Marinella Rossi
MILANO
«INTENTO

intimidatorio lampante» a rafforzare un «abuso colossale». Cultura giuridica, citazioni, perifrasi: lavate vie le corrività da processo per prostituzione. C’è molto della telefonata alla questura di Milano, notte fra il 27 e il 28 maggio 2010, nella requisitoria del sostituto pg Piero de Petris, e qualificata come concussione per costrizione esercitata da Silvio Berlusconi sui dirigenti di via Fatebenefratelli per ottenere il rilascio immediato di Karima El Mahroug-Ruby che poteva, come fu, inguagliarlo. E c’è molto meno della prostituzione della Ruby minorenne, quasi un assioma scontato, dimostrato da alcune centinaia di intercettazioni e dallo stato di Karima, che a Milano esercita «il meretricio», e che è condotta da Emilio Fede - «ben ne conosce la minore età» - fino alla porta di villa San Martino, dove Ruby trascorre con Silvio alcune notti del post-bunga bunga.
Sette anni di condanna dell’ex premier, in primo grado, appena un anno fa. E tali il pg chiede che restino ai giudici della seconda corte d’appello: «Non vi sono elementi positivi per la concessione delle attenuanti generiche: per i fatti contestati, il complessivo comportamento tenuto dall’imputato, il precedente della condanna Mediaset». Sette, più conferma dell’interdizione perpetua dai pubblici uffici: «La severità del trattamento sanzionatorio è certamente innegabile ma adeguata». Adeguata perché, sfruttando «una circostanza palesemente falsa» - e cioè che Ruby potesse essere nipote del presidente egiziano Mubarak - l’ex Cav impartisce al dirigente della questura Piero Ostuni («chiamato a mezzanotte dal Presidente del consiglio») «un ordine volto a soddisfare un interesse non istituzionale, ma prettamente privato». Tutti, dal primo poliziotto che ferma Ruby per furto fino al capo Ostuni, sanno che la ragazza, «identificata e fotosegnalata», è marocchina, e si sospetta eserciti, da minorenne, la prostituzione. Doveva essere affidata a una comunità o sostare in questura. Ma improvvisamente «a Ostuni si prospetta “abbiamo un problema, le passo il presidente del consiglio”, cosa che equivale a dire, “tu, Ostuni, hai un problema”».

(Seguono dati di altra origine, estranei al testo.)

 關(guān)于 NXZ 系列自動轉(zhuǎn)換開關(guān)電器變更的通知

L’ex premier - che ieri subisce anche la richiesta di giudizio da Bari per induzione a mentire sulle escort nelle ville estive - «non si limita far valere l’

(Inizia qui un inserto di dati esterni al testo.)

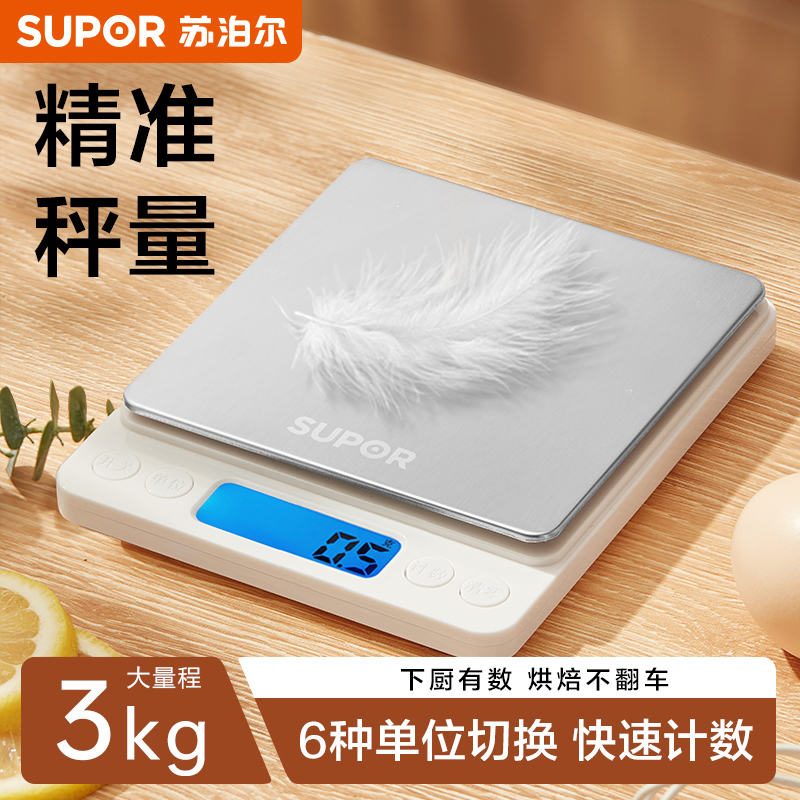 苏泊尔电子秤厨房称克食物称烘焙专用精准小型克数食品秤家用台秤

auctoritas, ma paventa il pericolo di un incidente diplomatico», usato «come una spada di Brenno». Cosa che - ben compresa da Ostuni - «denota anche un’inequivoca portata intimidatoria». Alla pressione il «malcapitato Ostuni cede nel timore fondato per la propria attività di lavoro». E accelera il rilascio di Ruby. L’avvocato Franco Coppi commenta: «Un’opera d’ingegno. Una bellissima difesa di una sentenza indifendibile».